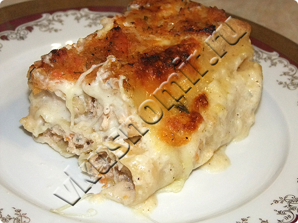 Наполнить каннеллони рыбным фаршем с помощью кондитерского мешка и выложить в форму. Залить оставшимся белым соусом.
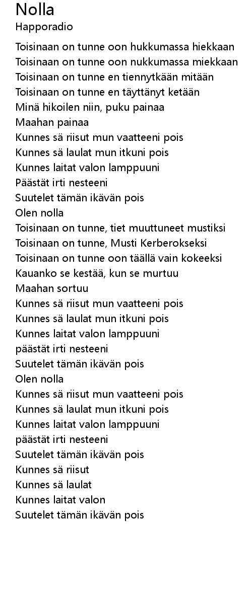 | Toisinaan on tunne oon t ll vain kokeeksi | |
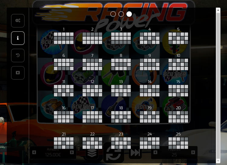 Таблица выплат Racing Power
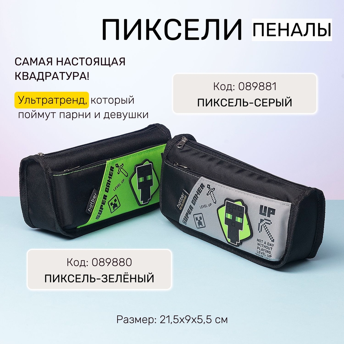 «Пиксели» Самая настоящая квадратура! На чёрном фоне угловатое, пиксельное напоминание про НПС-персонажей популярной игры в жанре песочницы. Настоящий ультратренд, который поймут парни и девушки. Пеналы изготовлены в двух цветовых вариантах: сером и зелёном.

◆ ◆ ◆ ◆ ◆

## Your task
Every line of the listing is to be repeated exactly, and the pictures are to be dropped.

## Solution to this problem
 Наполнить каннеллони рыбным фаршем с помощью кондитерского мешка и выложить в форму. Залить оставшимся белым соусом.
 | Toisinaan on tunne oon t ll vain kokeeksi | |
 Таблица выплат Racing Power
 «Пиксели» Самая настоящая квадратура! На чёрном фоне угловатое, пиксельное напоминание про НПС-персонажей популярной игры в жанре песочницы. Настоящий ультратренд, который поймут парни и девушки. Пеналы изготовлены в двух цветовых вариантах: сером и зелёном.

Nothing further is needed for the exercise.